Она заглянула на дно, поежилась:
– Там вода.
– Ну и что?
– Нет, я не сяду. А если она перевернется?
– Еще чего!
– Леня, перестань! Это глупо.
– Подумаешь! Что я, плавать не умею?
– Вода холодная.
– Не зима же.
Он прыгнул в лодку, а Люда осталась на берегу, села на поваленное дерево, достав из кармана свои орехи. Леня быстро выгреб на середину, потом поплыл к противоположному берегу. Объехал озерцо кругом и снова оказался на середине. Люда, никак не могла разгрызть крупный орех. Перекатывала его языком во рту, пробуя зубами.
– Вот черт, не хватало еще зуб сломать! – вслух выругалась она.
Лене стало скучно, он развеселился, стал шлепать по воде веслом, крутиться в лодке на одном месте. Туда все больше затекала вода.
– Леня, вылезай на берег! – крикнула ему Люда.
– Сейчас! – Он поднялся в лодке во весь рост.
Люда все мучилась со своим орехом. Вдруг скорлупа хрустнула, она почувствовала во рту ее осколки и привкус крови. Лодка на середине озерца перевернулась, и Леня упал в воду. Она сначала даже не забеспокоилась. Метров десять до берега, не больше. Пустяки, даже если учесть, что вода холодная. Люда не сразу поняла, почему он не выныривает. И тут заметила вбитый в дно кол недалеко от берега и тянувшуюся от него веревку. Рыбаки, оставившие на берегу лодку, перегородили озерцо сетями.
Сначала она хотела закричать. Потом прыгнуть в воду. Леня был там, под водой, и ему всего-то надо было глотнуть немного воздуха. Люда знала, что вокруг полно дачников. Она и сама неплохо плавала. Надо только что-то делать. Кричать, нырять, звать на помощь, ведь он тонет всего в нескольких метрах от берега, ему чуть-чуть до того места, где под ногами окажется спасительное дно. И тут она, не поднимаясь с земли, уткнула лицо в колени, ладонями закрыв глаза. Скорчилась и оцепенела. Бога нет.

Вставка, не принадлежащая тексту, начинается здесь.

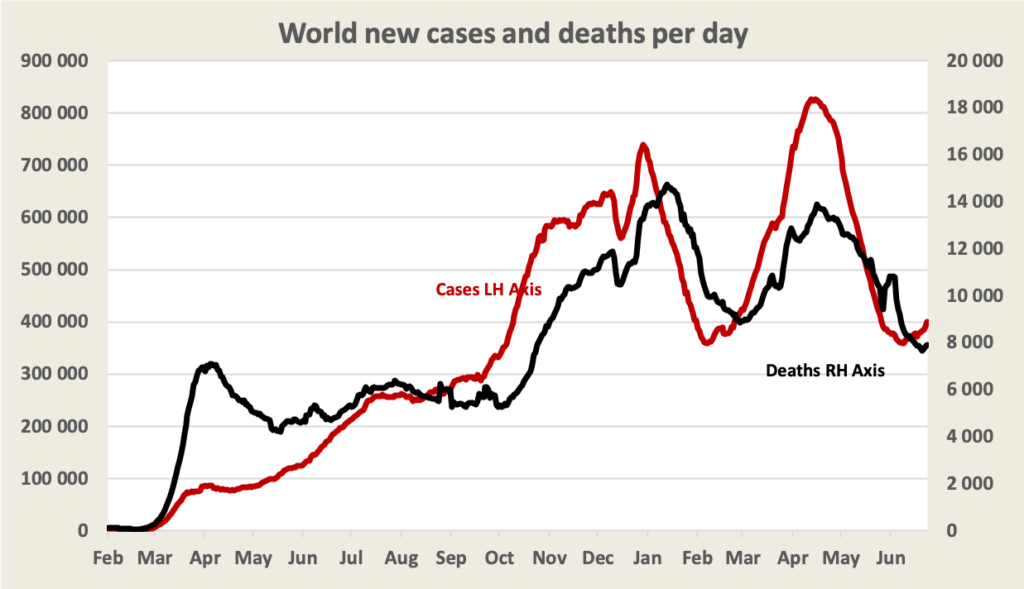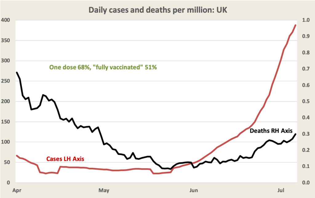 In the USA and the EU cases are no longer falling, but death rates are falling. In the USA states with low vaccination rates have rising cases, hinting at, but not confirming, a causal relationship between vaccination and Covid-19 cases. It is possible that those states with high vaccination are also the states with high Covid-19 consciousness where people are taking a suite of precautions. In the EU rates are rising strongly in Portugal, Spain and Cyprus, all tourist destinations. The WHO has noted football fans’ behaviour, for example, as a factor contributing to the virus’s spread.

Лицо ее и руки были мокры от слез, в горле застыл какой-то хрип. Она хватала ртом воздух, будто сама тонула. Прошло всего несколько бесконечно долгих минут.
– Все, теперь, должно быть, все, – пробормотала она несколько раз подряд перед тем, как открыть глаза.
И, только увидев, что на воде, кроме перевернутой лодки, ничего нет, Люда поднялась и, спотыкаясь о корни деревьев, кинулась в ту сторону, где, как она раньше заметила, гуляли люди:
– Помогите! Помогите!
Двоих увидела сразу же, на тропинке, выходящей из леса.
– Что случилось?!
Мужчина тут же побежал к берегу, сбросив куртку, нырнул. А Люда уже кинулась к дачному поселку, и на крик из крайних домов выбежали несколько человек. Вскоре на берегу уже толпилось много людей. Всю эту суету она воспринимала словно сквозь густой туман. Звуки и образы с трудом проникали в Людино сознание.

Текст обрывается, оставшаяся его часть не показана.